Dwyer came through, sat down and shook his head when Maddox’s secretary offered him coffee. ‘Looks like we’ll get what we want.’ Dwyer was Vice President responsible for New Business Development and on the main board. I’ll need five million.’ At this moment in time, and at this stage of the process. Because five million dollars was small beer. When it got really heavy you could put a zero on the end of that, and ConTex wouldn’t think it was out of place.

So five million, plus the one million Maddox needed for Kazakhstan to cover local wages, expenses and other payments. Delivery tomorrow and everything straightforward and routine. Three minutes later the request had been sent to Houston on the secure fax.

When Maddox and Dwyer left the office the early evening was warm. Maddox’s driver dropped Dwyer at the Balltschug-Kempinski, across the Moskva river from the Kremlin and next to the British embassy residence, then took Maddox to the former sanatorium, now a country club, where he leased a luxury chalet. At eight-thirty, having showered and changed, Maddox joined Dwyer for dinner.

The Kempinski was expensive, but the Kempinski was safe-relatively speaking, but everything was relative in the new Moscow. Black-windowed Mercedes and BMWs were parked outside, but black-windowed Mercedes and BMWs were parked outside everywhere nowadays. Guards on the doors, but it was only when there were no guards that you began to worry.
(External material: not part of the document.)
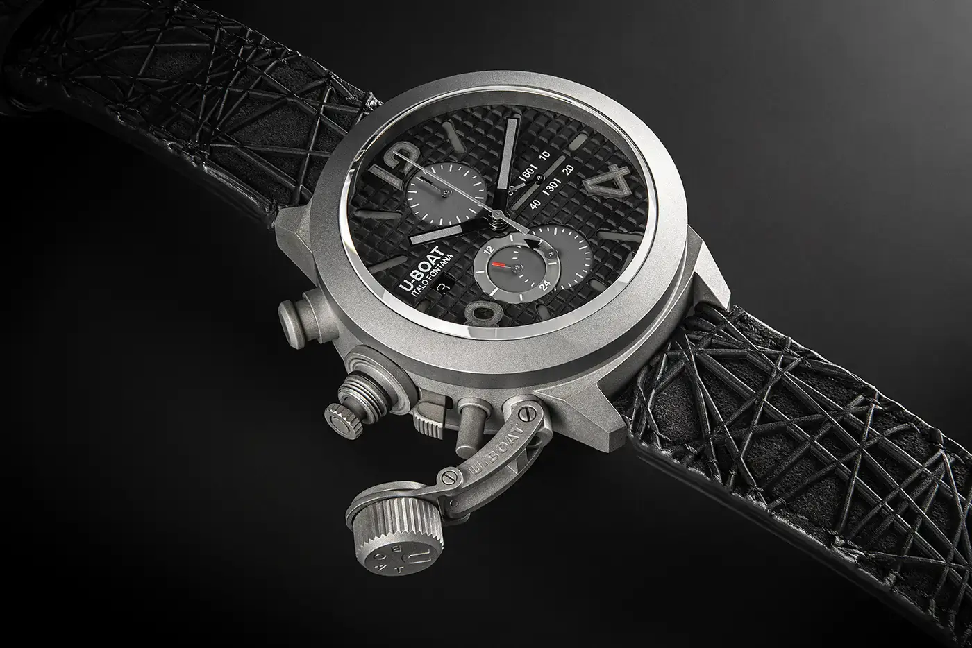 Limitovaná pánská hodinka U-BOAT Classico 45 Titanium Tungsteno Black 3004 spojuje preciznost, odolnost a nadčasový design. Pouzdro o průměru 45 mm, vyrobené z titanu třídy 2, poskytuje výjimečnou lehkost a zároveň vysokou odolnost proti poškození, zatímco matná wolframová luneta zaručuje neuvěřitelnou odolnost proti poškrábání. Tříúrovňový číselník fascinuje svým designem – jeho černá struktura „carrés“ evokuje sílu a tajemství, zatímco jemně kontrastní prvky dodávají hloubku a výraznost. Indexy v nízkém reliéfu a číslice ve vysokém reliéfu, pokryté šedou SuperLuminovou®, zajišťují čitelnost i ve tmě, stejně jako kovové ručky ve stejném odstínu. Další akcent přidává červená 24hodinová ručka, která usnadňuje čtení času v denním režimu. Celý číselník chrání safírové sklo s antireflexní úpravou, která zajišťuje dokonalou viditelnost za všech podmínek.

At nine-thirty they left the hotel, crossed the river, and walked past St Basil’s into Red Square. The evening was still warm and the sky was an almost transparent shade of blue.

‘You want a drink?’ Dwyer asked.

‘Where?’

‘How about Nite Flite?’

They crossed Red Square then dropped between the Arsenal Tower of the Kremlin and the sterner red brick of the Historical Museum into the tarmac area beyond. Even though it was late evening the area still milled with people: along the pavement to Ploshchad Revolyutsii the booths selling cigarettes and alcohol were crowded with shoppers. Opposite, on the pavement under the grey featureless mass of the Moskva Hotel, was a single stall selling drinks, a handful of wooden tables around it and cars parked in front of it. At the entrance to the subway under the inner ring road to Tverskaya and the Okhatniy Ryad metro station, there was another cluster of vendors – mainly men but two women.

The first woman was selling cigarettes. She looked mid-sixties, small and thin and stooped. She was wearing a cardigan, skirt, torn basketball boots, and a Michael Jordan cap which had long lost its shape and colour.

The second was taller and early fifties. On a tray in front of her, balanced on makeshift legs, were sets of audio tapes. Her hair was tied back, her back was straight and her dress was blue and clean and neatly pressed. A light coat was thrown over her shoulders and on the left side of her bodice she wore a row of medals.